Supplied material —
=== Section Start ===

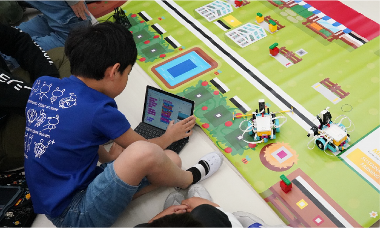 プログラミングやロボットに興味を持つ子どもたちを対象にした「タブレットクラブ」の活動を企業がリソースやナレッジを活用し全面的にサポート。全8回にわたるこの活動では、最先端の機材提供や講師による指導を通じて、子どもたち一人ひとりの探究を支援します。クラブ活動では、校内ロボットコンテストで高得点を目指す中で、プログラミングの工夫やロボットのハード面の改良に取り組みます。固定カリキュラムは設けず、活動中に生じる課題を子どもたちと共に解決していくプロセスを重視することで、創造的かつ実践的な学びが促されました。
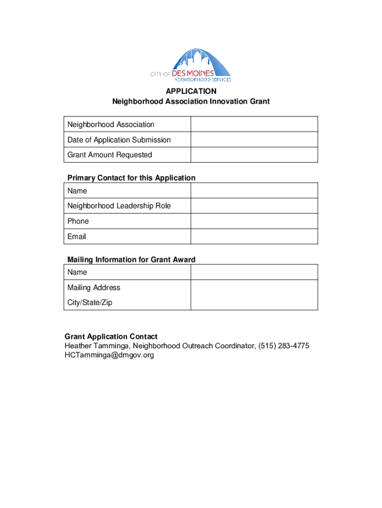 Neighborhood Association Innovation Grant is not the form you're looking for?Search for another form here.
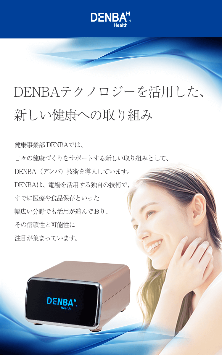 DENBAは、電場を利用して体の内部にやさしく働きかけ、健やかなめぐりやリカバリーをサポートする革新的な技術です。
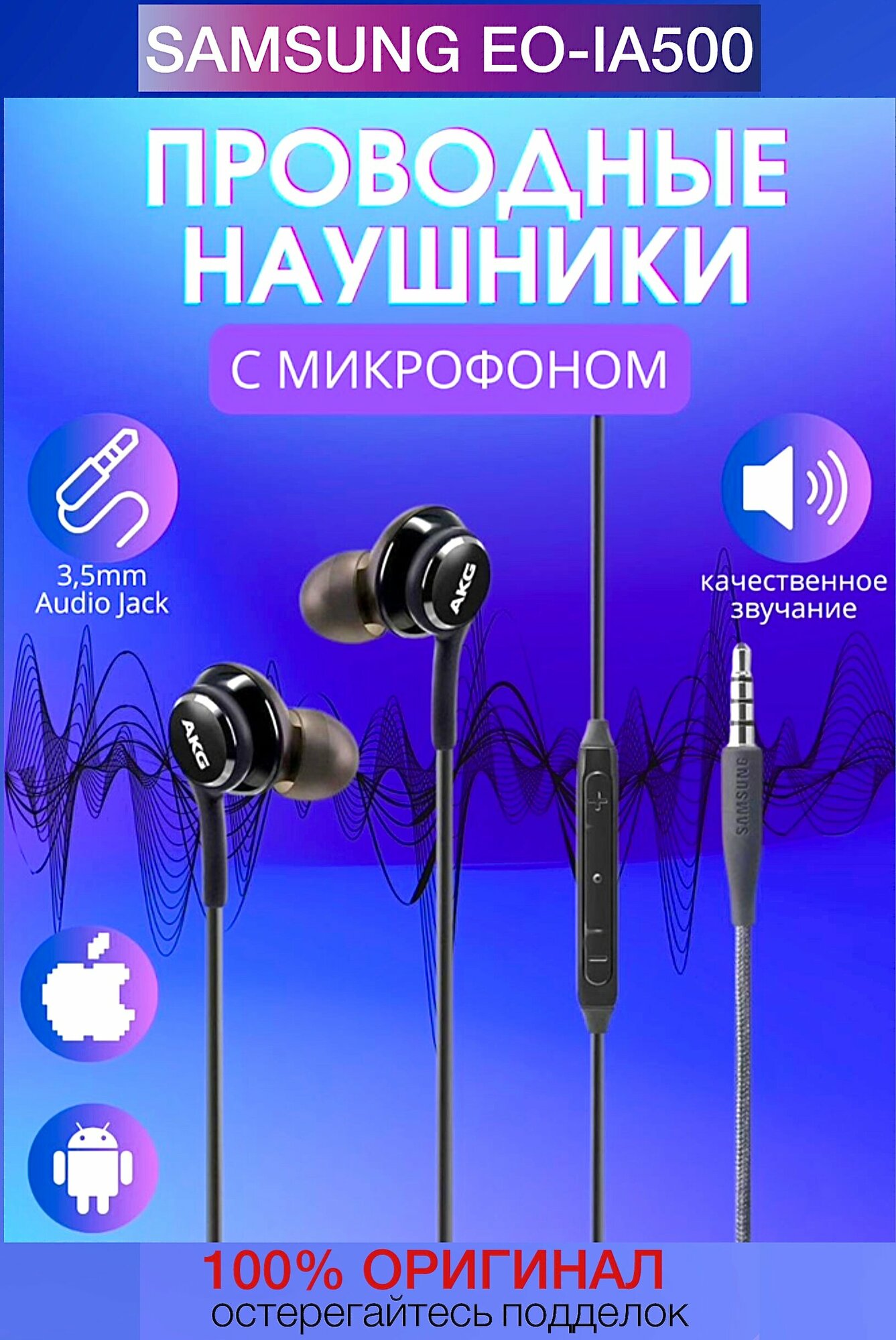 Наушники Samsung проводные, 3.5 мм, EO-IA500, черный
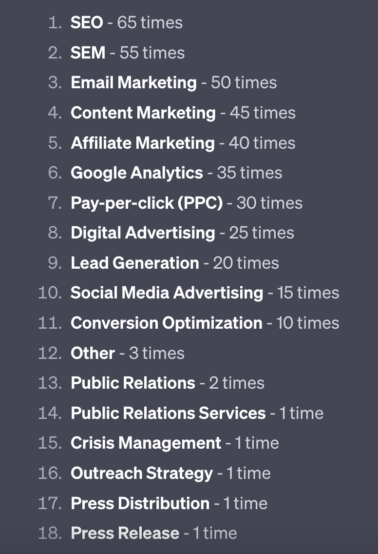 Remember that we looked for gigs that we know we can do and are interested in. We’re now reverse engineering back to a list of the top skills that those clients want.
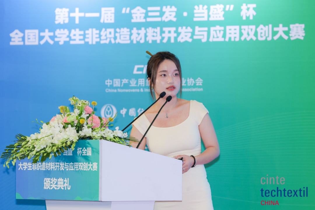 厦门当盛新材料有限公司副总经理刘爽致辞表示,非织造材料领域有着广阔的市场空间和无限的可能性,在这样的背景下,我们以赛事鼓励参赛选手们积极探索、不断创新,为行业注入新的活力与动力。通过大赛的举办挖掘更多的优秀人才,并给予他们必要的支持和关注,这是当盛新材参与大赛的初衷。
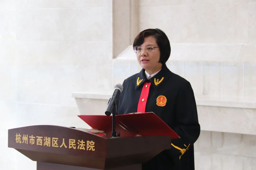 宣誓仪式上,叶青代院长向区人大常委会长期以来对法院工作的关心支持表示衷心的感谢!向新任命的同志表示热烈祝贺!向为法治工作辛勤奋斗的全院干警们表示诚挚的慰问!她指出,西湖法院下一个阶段的工作目标和理念,是“争创领头雁法院,争做排头兵法官”。
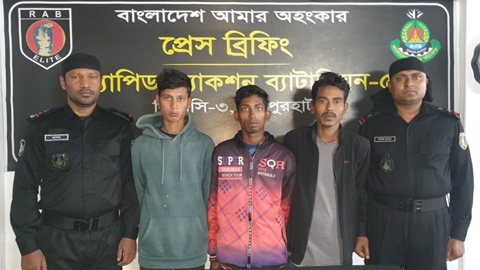 গোয়েন্দা তথ্যের ভিত্তিতে, র্যাব-৫ সিপিসি-৩ জয়পুরহাট এর চৌকস অপারেশনাল দল গত ২২ জানুয়ারি রাত ১০টার সময় জয়পুরহাট জেলার কালাই থানাধীন কলেজপাড়া এলাকা হতে কিশোর গ্যাং লিডার মোঃ সাজু সরদার (২৬), পিতা-মোঃ আশরাফ সরদার, সাং-কাজীপাড়া, মোঃ কামরুজ্জামান স্বাধীন (১৯), পিতা-মোঃ খলিলুর রহমান, সাং-থুপসাড়া, উভয় থানা-কালাই, জেলা-জয়পুরহাট ও মোঃ শিপন আহম্মেদ (১৬), পিতা-মোঃ ছামসুল হক, সাং-থুপসাড়া, থানা-কালাই, জেলা-জয়পুরহাট কে গ্রেফতার করা হয়েছে।
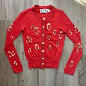 Anthropologie Field Flower Women’s Small Flocked Penguin Cashmere Wool Cardigan
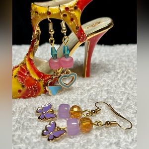 Bright colourful earrings made by me with oil drop charms and light bright colours -feel like spring? Free gift bag-new never worn
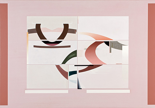Als wären da sechs, sieben Papiere zum zentralen Rechteckblock aufgeleimt, tritt das Querformat „Amor vincit omnia“ auf (Formula 76 - Amor vincit omnia). Alles natürlich Feinmalerei. Beherrscht wird jedes „Blatt“, das selbst nur Teil eines einst größeren Blattes scheint, vom wie abgeschnittenen Fragment eines exakten Streifens oder Kurvenschwungs. Die Fragmente wiederum sind so in Nachbarschaft gebracht, dass sie untereinander andocken, wenn auch mit markanten Brüchen bezüglich Farbe oder Richtung. Neben Grüntönen bestimmen das Gemälde Rosig-, Zimt- und Brauntöne – sämtlich Weiß-Abmischungen. Töne, die sich auch im Umfeld der Blätter-Formation wiederfinden, sowie in den beiden Vertikalbalken, die das Ganze am linken und rechten Rand verklammern. Absolute Ausgewogenheit, ohne doch zu Tode stillgestellt zu sein, ist offenkundigste Qualität des Endergebnisses.
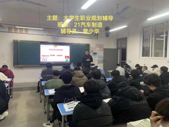 班会期间辅导员们向大家解读了老员工职业规划的意义:自己所学专业方向定位、认识自我、发现属于自己的职业和机会;职业规划的核心与方向:一个核心(我是谁)、三个努力方向(目标分析、生涯计划、生涯行动)。
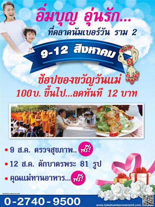 ตลาดนัมเบอร์วัน ราม 2 จัดกิจกรรมวันแม่ อิ่มบุญ อุ่นรัก สานสัมพันธ์รักครอบครัว
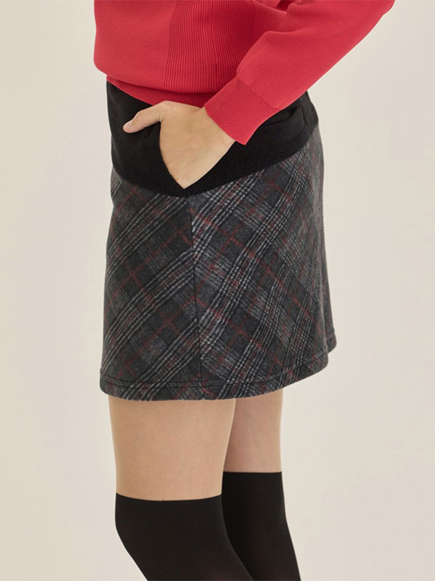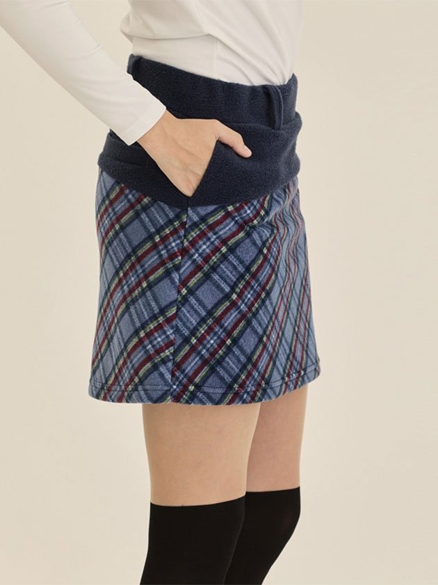 軽くて暖か、動きやすく快適な着心地のチェック柄フリーススカート
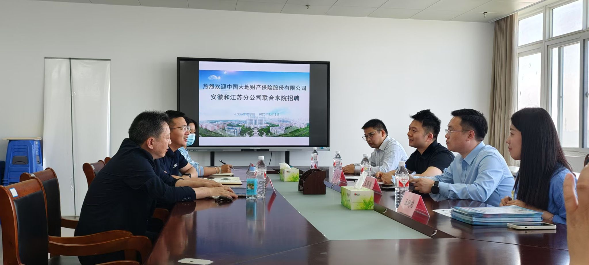 为加强与用人单位的联系,搭建毕业生与用人单位的交流平台,5月12日,tyc8722太阳集团邀请中国大地财产保险股份有限公司安徽分公司和江苏分公司来院选用毕业生,公司党委副书记钱彬彬、保险学专业负责人俞彤以及相关辅导员参加会议。

=== Section End ===

Your assignment — The answer must be the lines of the entries above, written out exactly from the first through the one with "宣誓仪式上,叶青代院长向区人", and no pictures.

Exercise result —
 プログラミングやロボットに興味を持つ子どもたちを対象にした「タブレットクラブ」の活動を企業がリソースやナレッジを活用し全面的にサポート。全8回にわたるこの活動では、最先端の機材提供や講師による指導を通じて、子どもたち一人ひとりの探究を支援します。クラブ活動では、校内ロボットコンテストで高得点を目指す中で、プログラミングの工夫やロボットのハード面の改良に取り組みます。固定カリキュラムは設けず、活動中に生じる課題を子どもたちと共に解決していくプロセスを重視することで、創造的かつ実践的な学びが促されました。
 Neighborhood Association Innovation Grant is not the form you're looking for?Search for another form here.
 DENBAは、電場を利用して体の内部にやさしく働きかけ、健やかなめぐりやリカバリーをサポートする革新的な技術です。
 Наушники Samsung проводные, 3.5 мм, EO-IA500, черный
 Remember that we looked for gigs that we know we can do and are interested in. We’re now reverse engineering back to a list of the top skills that those clients want.
 厦门当盛新材料有限公司副总经理刘爽致辞表示,非织造材料领域有着广阔的市场空间和无限的可能性,在这样的背景下,我们以赛事鼓励参赛选手们积极探索、不断创新,为行业注入新的活力与动力。通过大赛的举办挖掘更多的优秀人才,并给予他们必要的支持和关注,这是当盛新材参与大赛的初衷。
 宣誓仪式上,叶青代院长向区人大常委会长期以来对法院工作的关心支持表示衷心的感谢!向新任命的同志表示热烈祝贺!向为法治工作辛勤奋斗的全院干警们表示诚挚的慰问!她指出,西湖法院下一个阶段的工作目标和理念,是“争创领头雁法院,争做排头兵法官”。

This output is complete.